Complementary Sections

Criteria and Validation

To exactly know which images are better, we make a list of criteria that we supply to the judge that uses it to determine which images are better. The list is the following:

Criteria

Priority	Instruction
1	Exactly one glass
2	Picture from the side
3	Wine glass has proper stem and the bowl is completely visible
4	The glass is full
5	The liquid inside is wine

Priority determines how important each instruction is. An image which has more top-priority instructions satisfied wins. For example, if two images satisfy instructions 1, 2, 3 and 1, 2, 4, 5 respectively, the first one would win because both of them satisfy 1, 2, but the second one doesn't satisfy 3. We composed this list empirically based on what was mostly wrong with the Stable Diffusion generations before fine-tuning.

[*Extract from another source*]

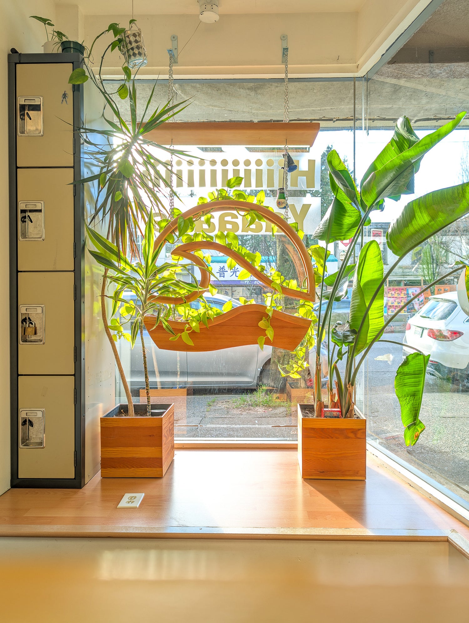 Incorporating nature into commercial spaces is not easy but this café has bright windows shinning onto these plants that double as a partition. Each plant has their own little sun hanging above it.

The fullness of the glass is only on the fourth position because we noticed that the images generated by vanilla Stable Diffusion tend to be deformed and not follow the first 3 seemingly obvious criteria. To better instruct the judge on the criteria, we additionally generate 7 pairs of validation samples.

GPT-4o cannot determine whether the glass is within the image

Consider this example:

There is a few-shot example showing that the glasses completely within the image should be preferred. Nevertheless, we found many examples similar to the one above where criterion #3 isn't evaluated correctly.

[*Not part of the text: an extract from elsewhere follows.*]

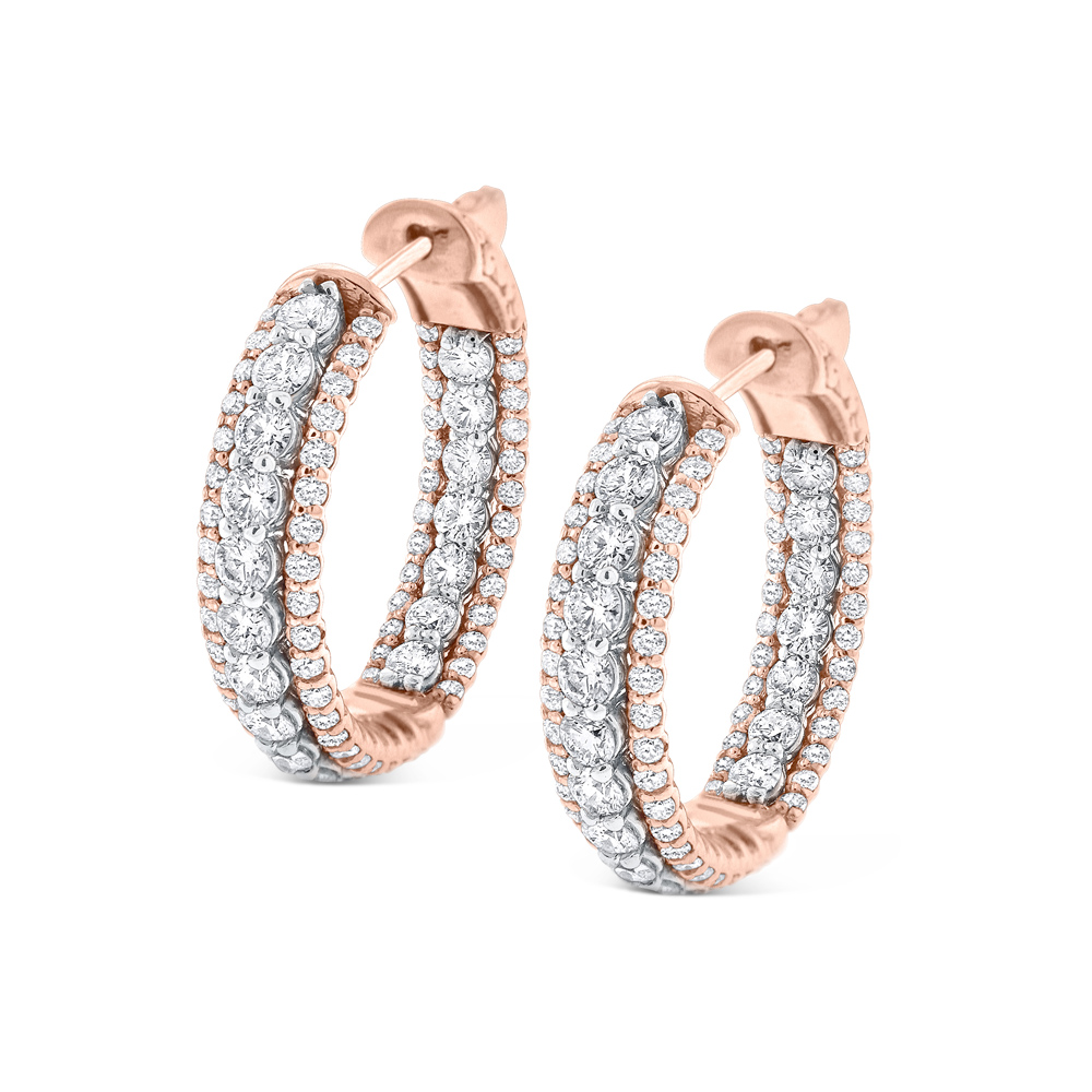 Show stopping diamond hoops dazzle in white and rose gold.

We claim that the problem is not in the complex criteria, but specifically in determining whether the glass is within the image. To prove that, we prompt GPT-4o with the image and ask whether the bowl is within the image, we get an incorrect response that the bowl is completely within the image. Thinking models like o4-mini-high and o3, however, answer the question correctly. We also note that the claim that both of the glasses are full is not correct.

No Criteria Runs

We find the criteria to be a crucial part of our approach, as otherwise the judge might be inconsistent. We ran an experiment where we completely omitted the criteria and only asked which image better aligns with the prompt. The models collapsed in both cases, no matter the judge.

DDPO

The model generated completely full wine glasses, but the liquid inside looked more like beer. It seems easier to make models generate glasses filled to the brim with beer than with wine [5].